ボタフォゴ移籍 本田を悩ませる?2大レジェンド

2020年02月10日 16時40分

会見で背番号4を披露した本田(AP)

 反動が怖い? ブラジル1部ボタフォゴに加入した元日本代表MF本田圭佑(33)が、現地で大きな期待をかけられている。本拠地リオデジャネイロ入りし、ニウトン・サントス・スタジアムでの入団会見(8日)では、集まった約1万人のサポーターから大歓迎を受けた。いよいよ古豪クラブ再建のキーマンとして再スタートするが、2人のレジェンドが本田を悩ませそうだ。

 背番号4のユニホーム姿で会見した本田は「欧州やアジアからオファーがあり、何が自分にとって最適かを考えた。(ブラジルの)人々の情熱が決断させた」と加入の理由を説明。「中盤でゲームを組み立てることが僕の役割になる。若くていい選手がいるので、その選手を生かしながら中盤でゲームを支配するためにプレーしたい」とチームへの貢献を誓った。

 一方、選手代理人でブラジルサッカー事情に詳しい田路雅朗氏(64)は「リオデジャネイロで本田が盛り上がっているらしいけど、それなりの活躍を見せないと反動があるだろうな。ブラジル人はサッカーを見る目が肥えているし、期待が大きいほど失望も大きくなるから」と指摘する。
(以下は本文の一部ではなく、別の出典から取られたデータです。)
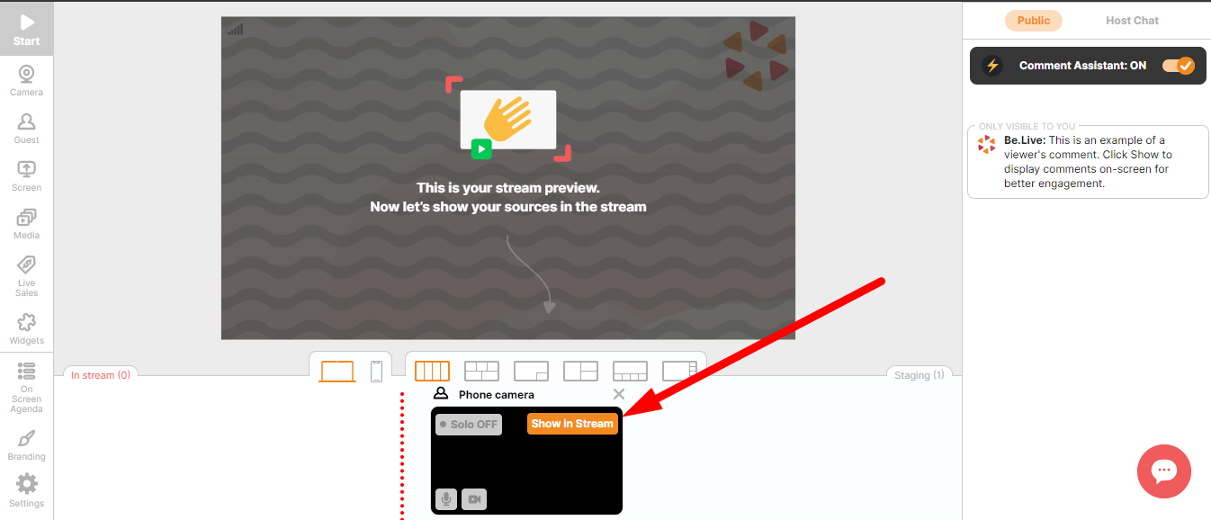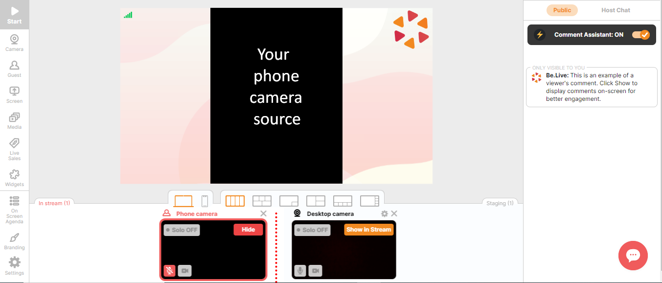 - You've now successfully joined the studio! If you check the Be.Live studio from your host device (laptop/computer), you will see your mobile camera appear as a source in the staging area. To connect it to the broadcast, click Show in Stream.

 特に影響を与えそうなのが、かつてボタフォゴに所属し「史上最強の助っ人」と呼ばれた元オランダ代表MFクラレンス・セードルフ氏(43)の存在だ。本田と同じイタリア1部ACミランで10番を背負った選手で、後にミランの監督として復帰。本田もミラン時代に指導を受けたとあって、地元メディアは「セードルフと同じ活躍が求められている」と報じた。

 もう一人がカズこと元日本代表FW三浦知良(52=横浜FC)だ。1986年に名門サントスとプロ契約し、90年には全国選手権で大活躍。外国人選手ながら専門誌「プラカー」の表紙を飾るなど大きな足跡を残した。カズの代理人も務めた田路氏は「これまでブラジルの全国レベルで活躍した日本人選手はカズヨシしかいないから」。

 こうした状況では2人のレジェンドと比較されることになり、地元のファンやメディアが本田を見る目が厳しくなるのは避けられない。「まあまあのプレーでは本田は認められないんじゃないか。好プレーができなければ普通に石とか投げられる。カズヨシだってデビュー当時は、よく物が飛んできたよ。ブラジルのファンは熱狂的だし、ビッグクラブは特にな」(田路氏)

 もちろん本田も理解しており「日本人が活躍するのは極めて難しい状況だと思う。僕にとって大きなチャレンジ」と語った上で「ブラジル人に認められたい」ときっぱり。24歳以上のオーバーエージ(OA)枠で東京五輪出場を熱望しているが、その前に名門復活を願うボタフォゴサポーターを納得させるプレーを見せるしかない。